Multiple Microsoft services went down last week, and in a detailed explanation of the outage, the Redmond-based software giant explains it was all caused by an error affecting Azure DNS.
More specifically, the outage, which lasted almost 40 minutes, happened on April 1, and Microsoft says it was all labeled as a service availability issue.
In other words, customers trying to connect to Microsoft servers were unable to resolve domain names, and this in turn made it impossible to load the services completely. Microsoft explains that all services returned to normal a little over a year later.
“Azure DNS servers experienced an anomalous surge in DNS queries from across the globe targeting a set of domains hosted on Azure. Normally, Azure’s layers of caches and traffic shaping would mitigate this surge. In this incident, one specific sequence of events exposed a code defect in our DNS service that reduced the efficiency of our DNS Edge caches,” the company explains.
“As our DNS service became overloaded, DNS clients began frequent retries of their requests which added workload to the DNS service. Since client retries are considered legitimate DNS traffic, this traffic was not dropped by our volumetric spike mitigation systems. This increase in traffic led to decreased availability of our DNS service.”

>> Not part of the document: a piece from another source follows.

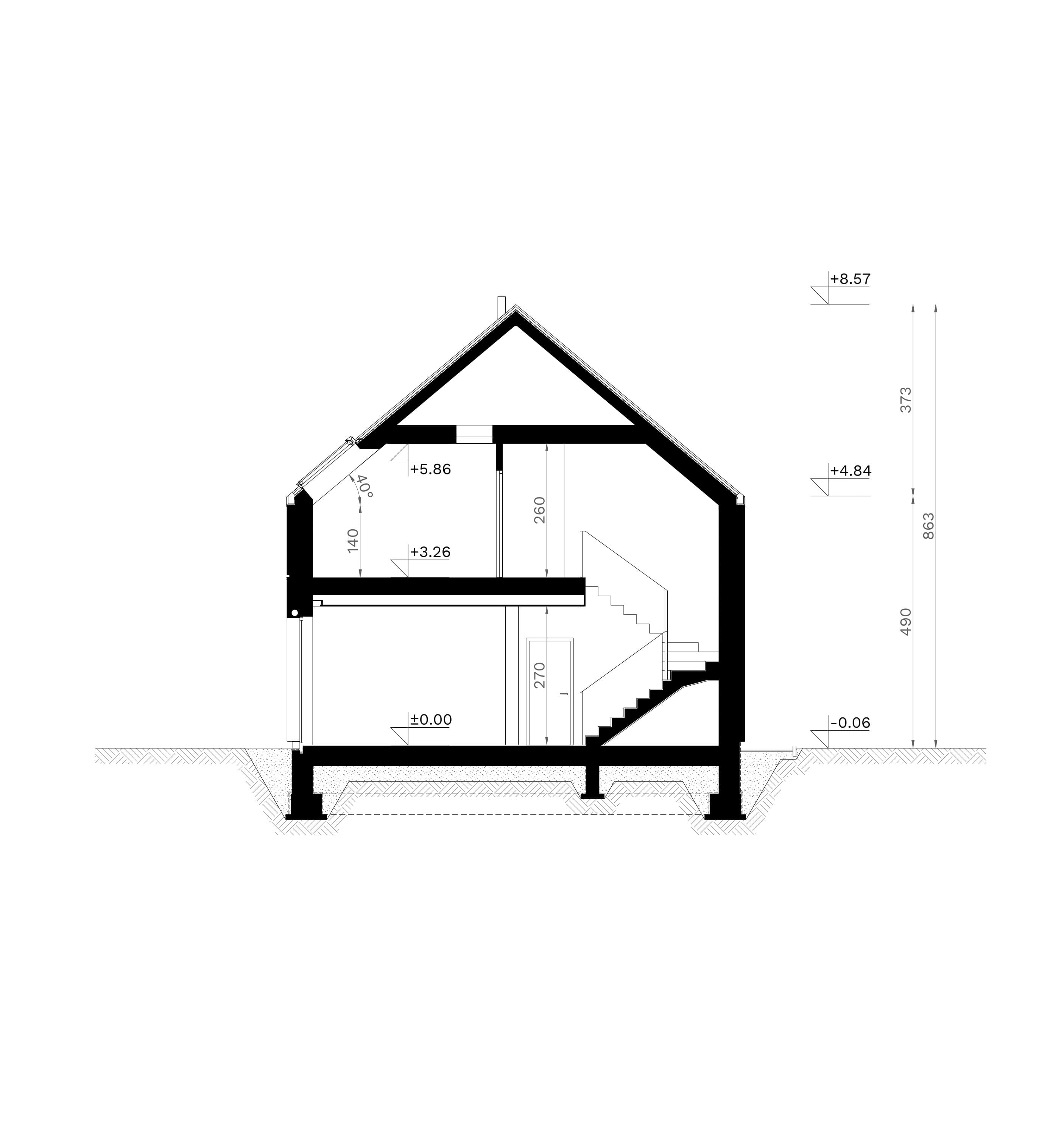Dach: dwuspadowy kryty dachówką ceramiczną lub cementową swissporTON wraz z systemem fotowoltaicznym SunLACE, stropodach pełny kryty membraną EPDM, okna dachowe FAKRO

DNS services recovered themselves 30 minutes later
The company goes on to explain that its DNS services recovered automatically approximately 30 minutes after the outage occurred, with engineers then working to bring everything back to normal. Eventually, all services were operating normally by 22:30 UTC.
“We apologize for the impact to affected customers. We are continuously taking steps to improve the Microsoft Azure Platform and our processes to help ensure such incidents do not occur in the future,” the company further adds.